これは食べるしかないとセットメニューを注文。MサイズのペプシとSサイズのポテト、焼きたてのエッグタルトもついて275台湾元(約1,200円)。奇抜なコラボですが味は満足、エッグタルトは本場と遜色ない出来栄えで感動しました。タコスの油が少々キツく感じられましたが、そこは胃を全摘した身ですから、家内と1セットシェアで十分でした。翌日のランチはワンタン麺で有名な屋台チェーンへ。大さじスプーンくらいのボリュームがある肉ワンタン10個入で60台湾元(約270円)という安さも魅力で常に満席状態、テイクアウト客も多くさすがは人気店という賑わいでした。

3月中旬で気温は28℃くらい、体感ではすでに30℃超えという真夏日のような気候の中、街中を気軽に散策できる治安の良さもあり、おいしく楽しいフードメニューの数々を楽しむ台湾視察となりました。

サステナビリティ

バーカウンターの内棚を整理していたら、懐かしいキャビネサイズの写真が数枚出てきました。その中の1枚にケニア共和国で当時環境大臣を務めた環境保護活動家のワンガリ・マータイさんの姿がありました。
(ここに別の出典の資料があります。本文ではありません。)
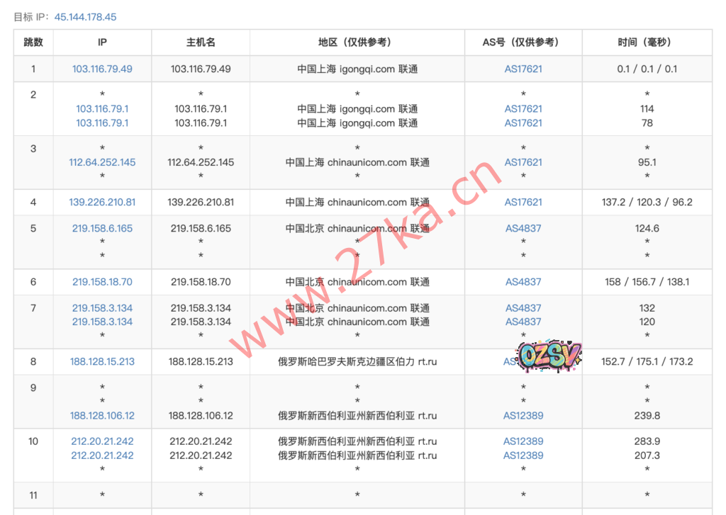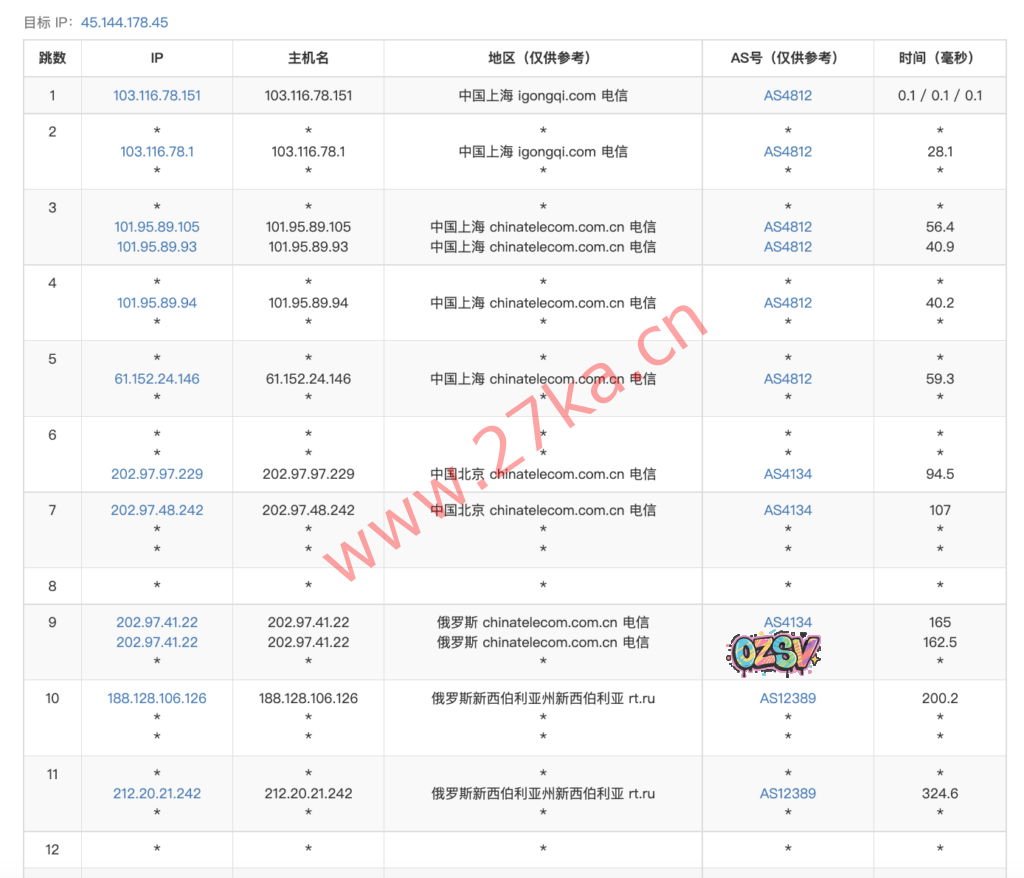 7、JustHost俄罗斯新西伯利亚TTK机房VPS国内电信、联通、移动回程线路怎么样?是否直连?电信联通回程路线路直连、移动绕欧洲回国!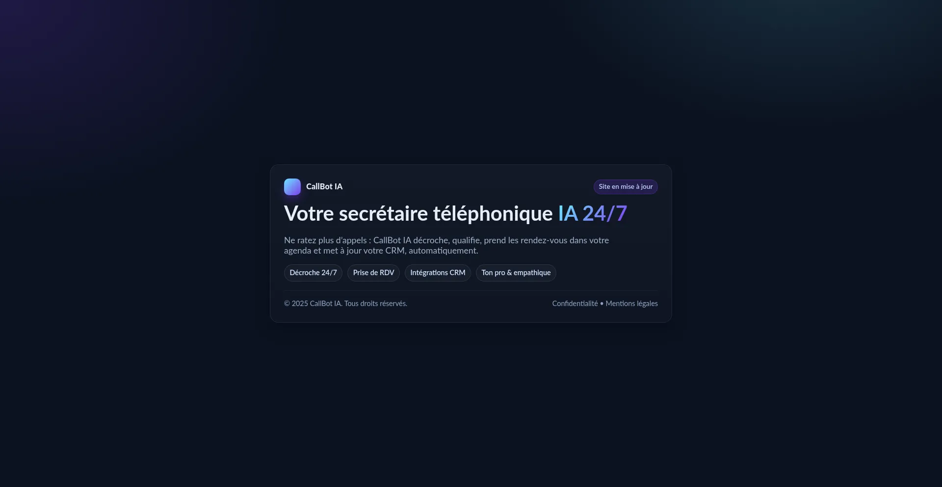 CallBot IA répond à vos appels 24/7, qualifie, prend des rendez‑vous et met à jour votre CRM.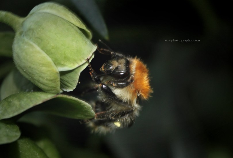 Common Carder Bee (Bombus pascuorum), on Stinking Hellebore (Helleborus foetidus)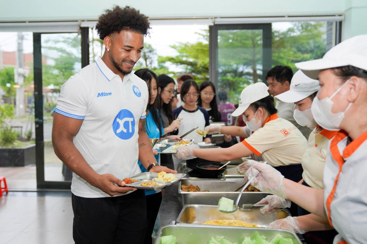 Chỉ trong một thời gian ngắn, nhiều em nhỏ đã thể hiện sự thân quen, mạnh dạn mời "thần tượng" của mình cùng ăn cơm tối. Nguyễn Xuân Son nhận lời, cùng xếp hàng, nhận khay thức ăn và có trải nghiệm bữa cơm của học sinh trường Hy vọng.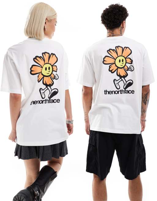 Camiseta blanca extragrande con estampado trasero de flor de The North Face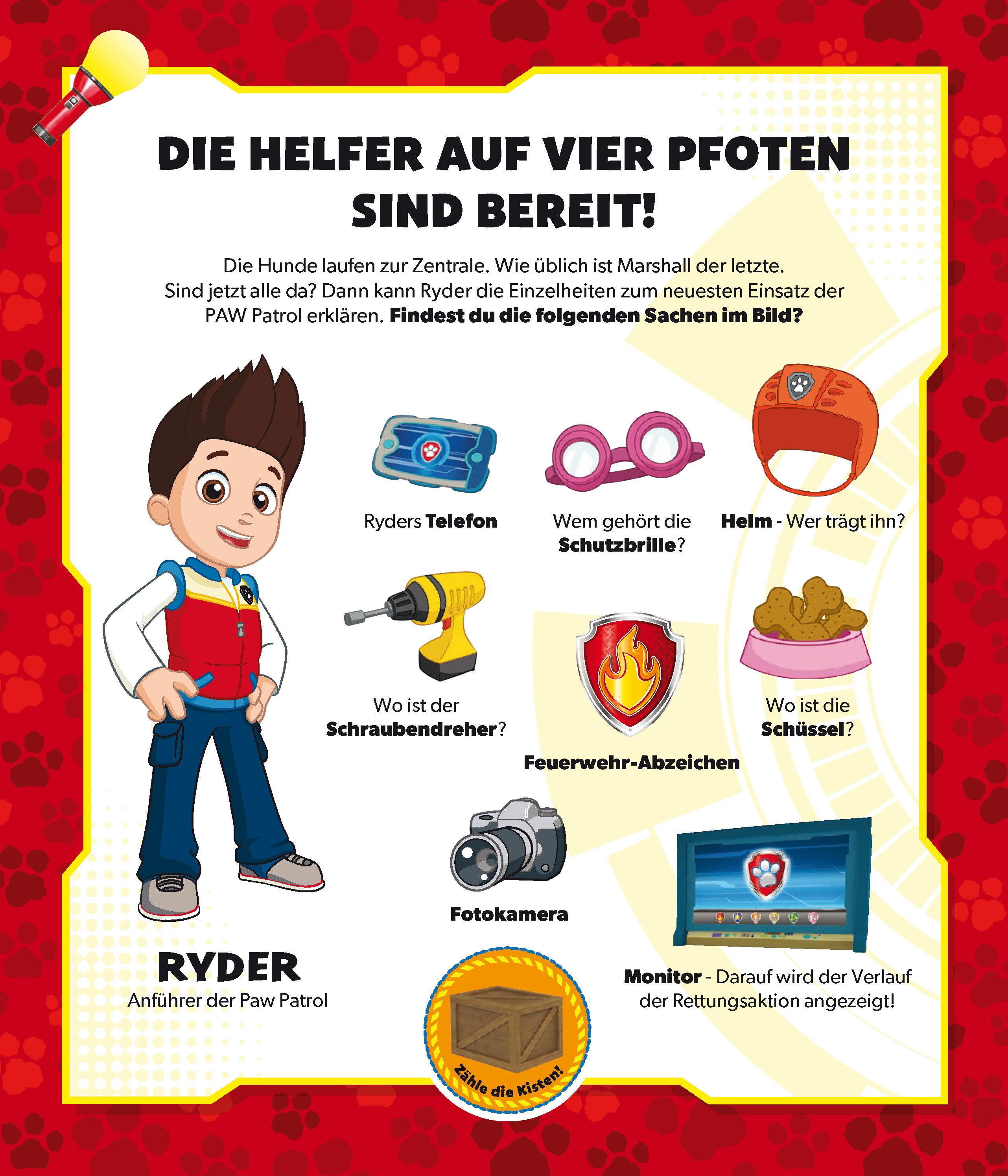 Paw Patrol Taschenlampenbuch Mit PAW Patrol bunte Folienseiten zum Leuchten bringen und ihre Einsätze miterleben! Ein Muss für alle PAW Patrol-Fans Mitmachbuch zur beliebten Fernsehserie PAW Patrol Mit der stabilen Papp-Taschenlampe die Einsätze der PAW Patrol...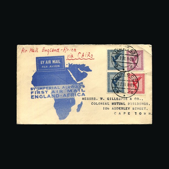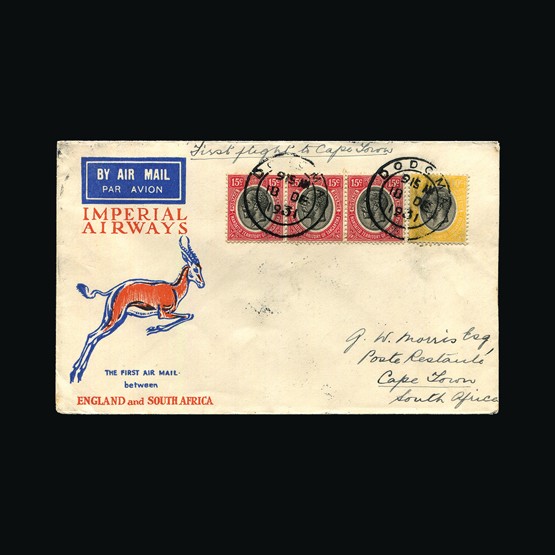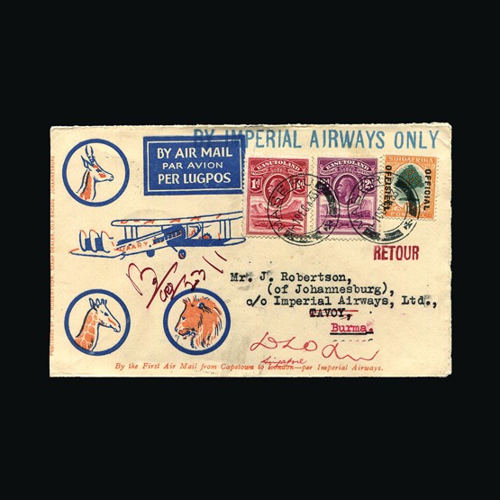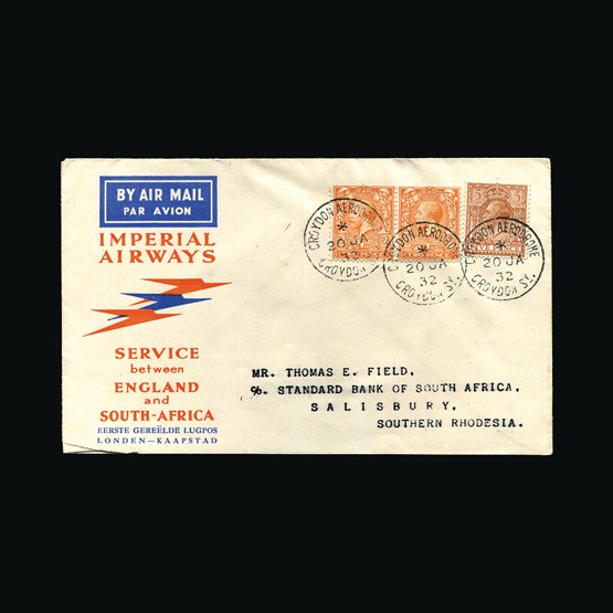 | 71 | General - Imperial Airways | | | CAPE TOWN-LONDON 1ST REGULAR RETURN SERVICE Salisbury-London, 1d x 2, 4d & 6d of S Rhodesia, tied with Salisbury 28 Jan 32 cds cancels. On Rhodes souvenir First Official Flight illust cover. First Official Air Mail cachet. Addressed to Sir William Noble Leamington. No markings on the reverse. Folded twice vertically clear of stamps. {C} US2 | £62 | |

MOTTAINAI=“もったいない” という言葉を世界に広め、植林活動などサステナブル啓蒙が認められ、のちにノーベル平和賞を受賞した方といえば皆さんご存じかと思います。来日時に目黒区にある駐日ケニア大使公邸にて2ショットを撮ってもらいました。ディナーをご一緒し、通訳を介していろいろお話した記憶が次々と蘇ります。残念ながらその3年後に亡くなられたことは悲しくとてもショックでしたが、彼女の意思は現在も脈々と受け継がれ、植林活動は世界中で行われています。
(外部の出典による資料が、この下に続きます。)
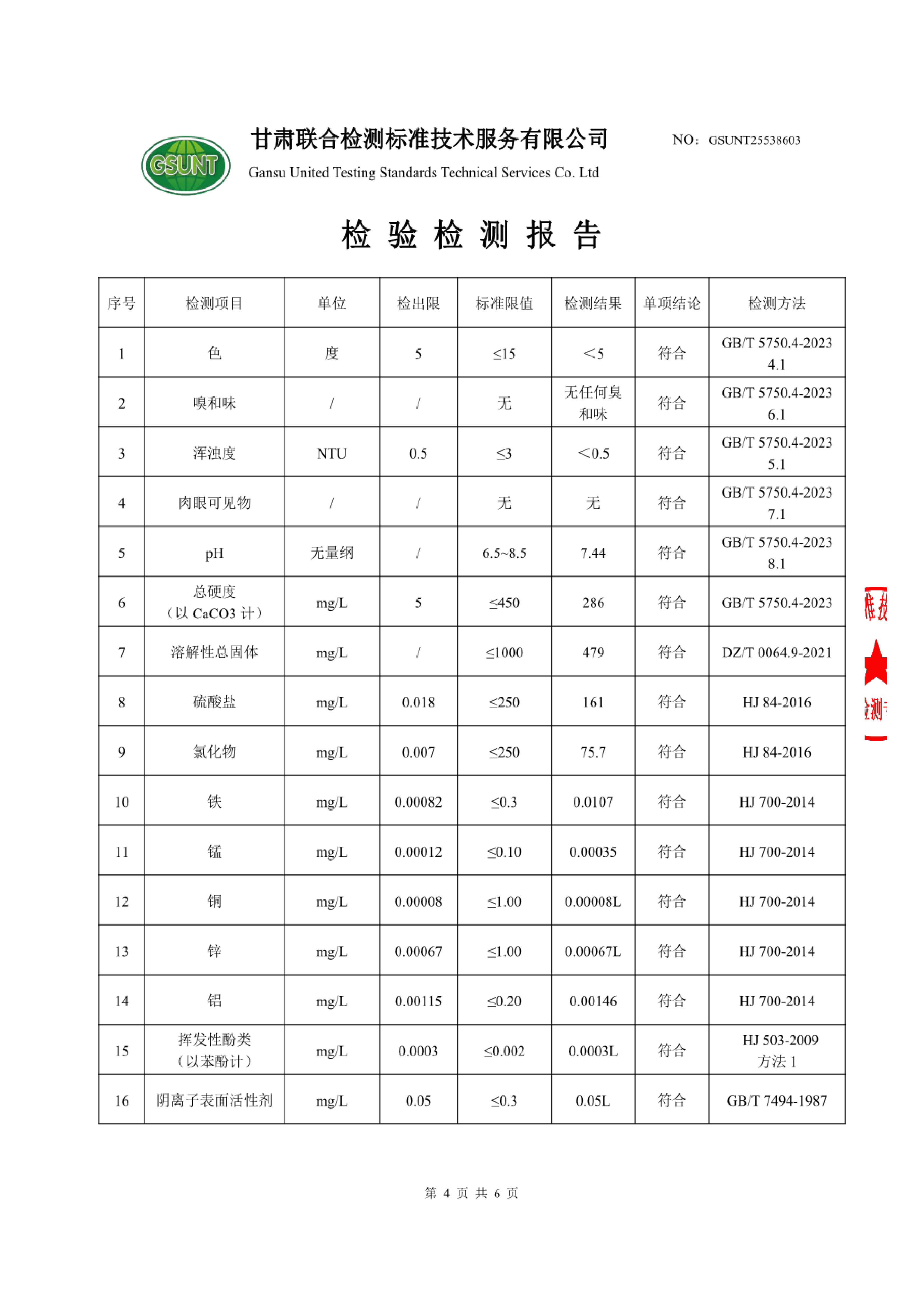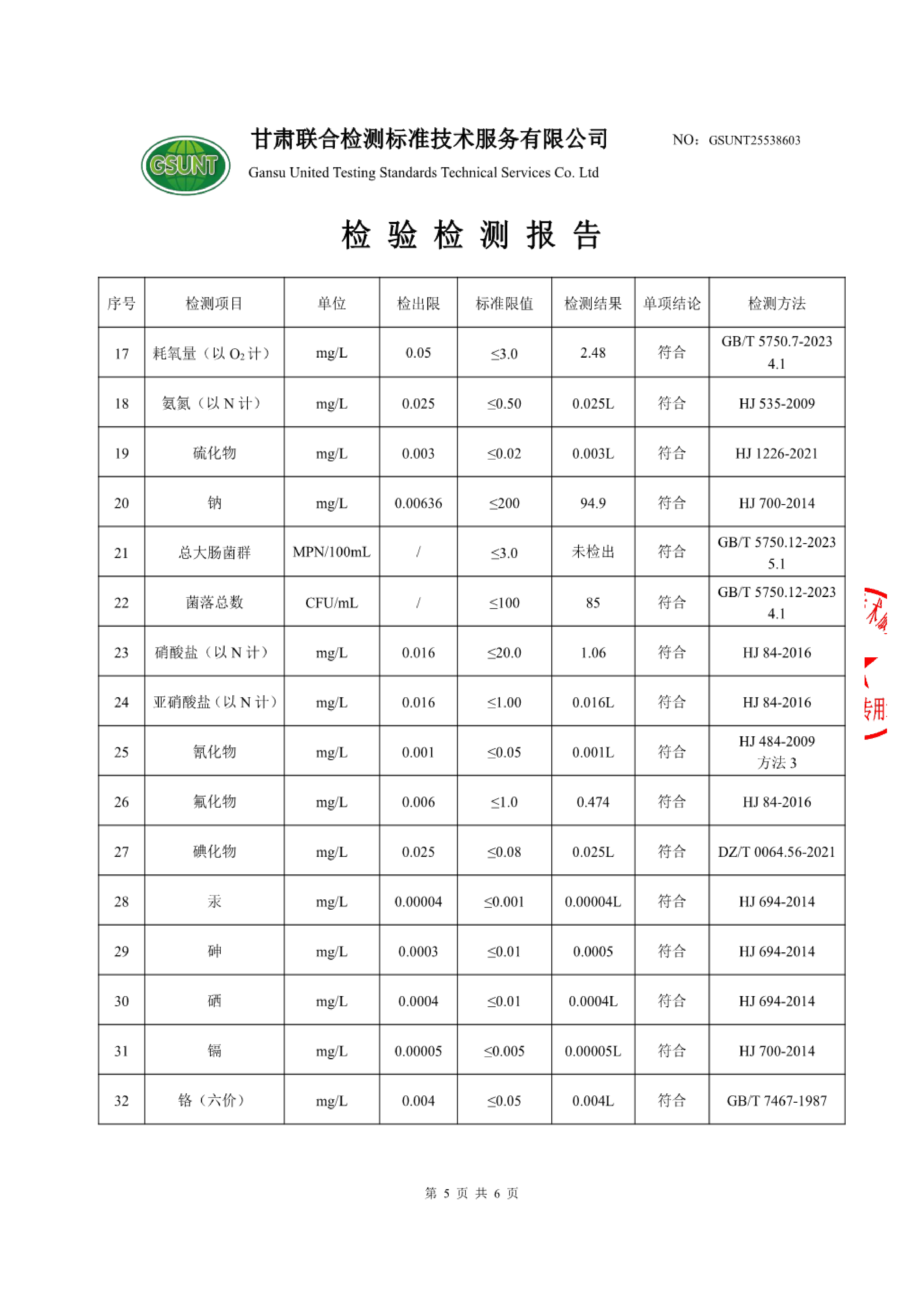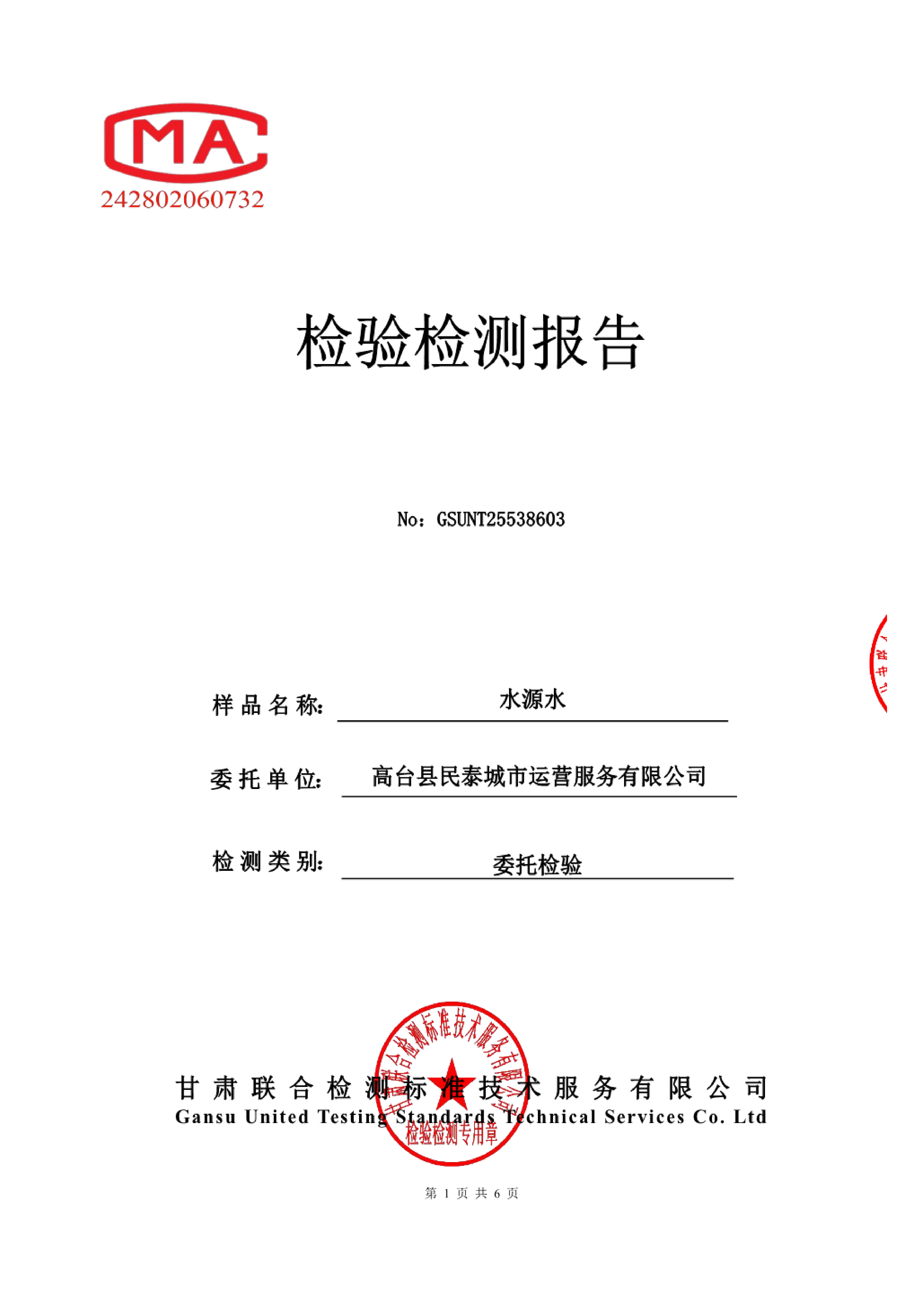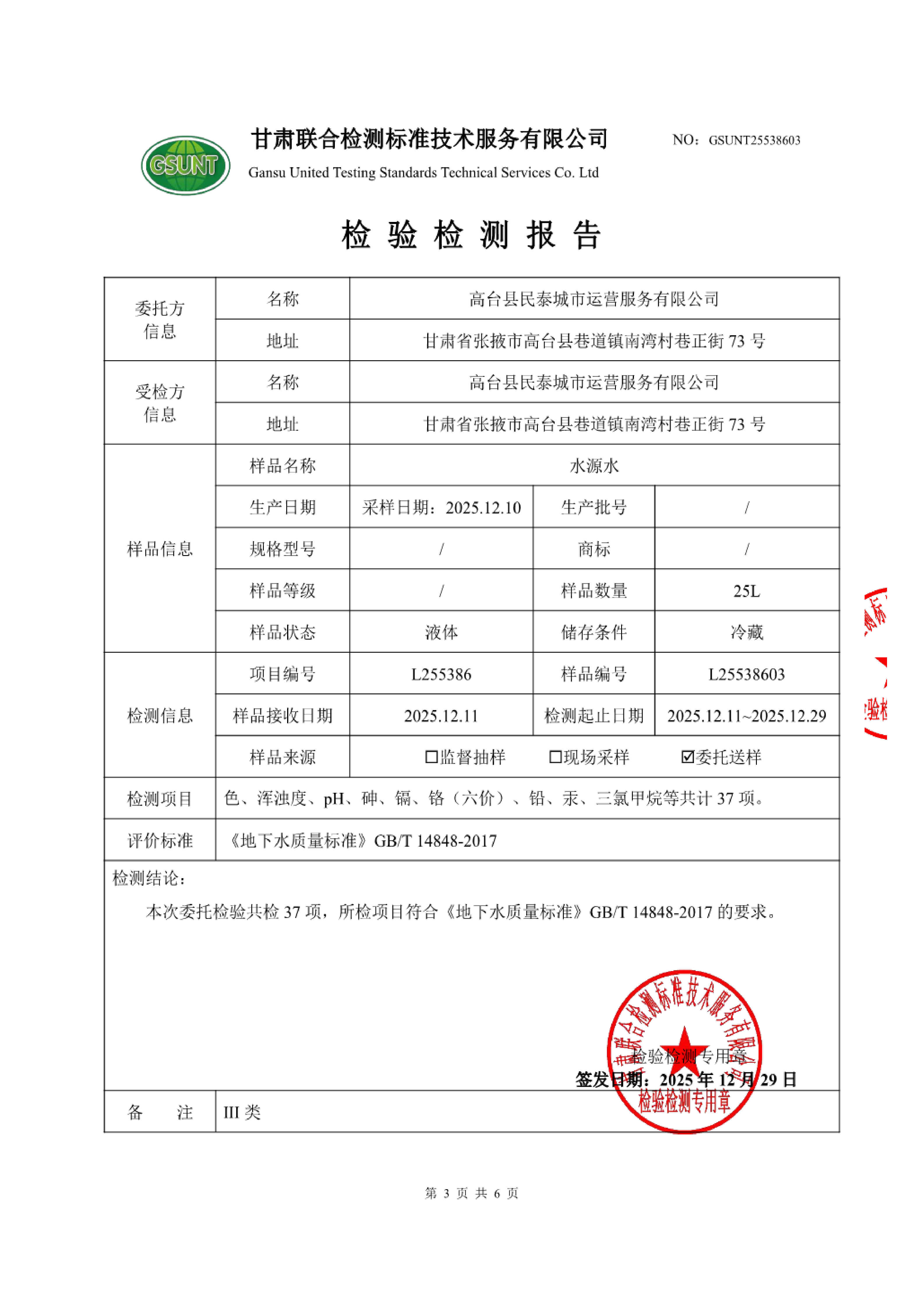 高台县城区饮用水2025年12月份水质(水源水)检测报告

70年代のケニアではガス・水道・電力などのインフラ整備が停滞し、燃料確保を森林伐採に依存していました。改善に向け、マータイさんが植林活動に立ち上がった訳です。彼女の意思は世界で賛同の輪を広げました。日本企業ではイオン環境財団が中国、東南アジアでの植樹活動を行っています。こうした活動は地球温暖化対策を包括的に取り組む流れへと発展し、彼女の死から4年後、2015年には国連サミットが開かれ、「2030年までに達成すべき持続可能な開発のための17の目標・169のターゲット」が定められました。“もったいない” を合言葉に飢餓や貧困、差別をなくそうと活動したマータイさんはまさにSDGSという概念の礎といえる存在でしょう。
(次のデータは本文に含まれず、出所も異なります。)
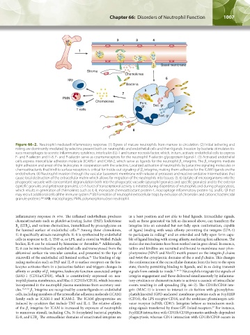 rolling are dominantly mediated by selectins present both on neutrophils and endothelial cells and their ligands. Invasion by bacteria stimulates tis-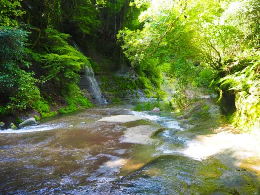 宇佐市院内町にある渓谷で、渓谷の先端にある「大飛の滝」までの約2キロメートルが、耶馬渓溶岩が造った大きな一枚岩の岩盤になっており、水流も穏やかなことから、自然林に囲まれた水流遊歩道が人気です。四季によって移り変わる景色も見事で、夏はたくさんの魚が泳ぐそばを素足で沢歩きができます。水深が浅いので小さな子どもでも安心です。さわやかな風と、ひんやり冷たい水の中、素足でお散歩が楽しめます。また、夏にはキャニオニング体験も可能で、6月中旬~9月末にかけて専門インストラクターのガイドのもと、渓谷を舞台に沢下りを楽しむアクティビティに参加できます。約1.5キロメートルのコース中に表れる10本の滝と5個の甌穴は、ウォータースライダーと飛び込みに最適です。紅葉も楽しめる自然の中、暑い日に涼しさを感じられる渓谷として人気を集めています。

3年超に及ぶコロナ禍、ロシアのウクライナ侵略等で穀物や燃料が世界中で高騰し世界的な物価高が続いています。さらに直近では鳥インフルエンザにより鶏卵価格が高騰し、生産量調整の名目で乳牛の早期リタイアや生乳廃棄のニュースが続きます。マータイさんも天国からこの現状を憂いていることでしょう。

一人ひとりの行動は小さいかもしれませんが、「もったいない」の精神を見失わないよう心がけたいものです。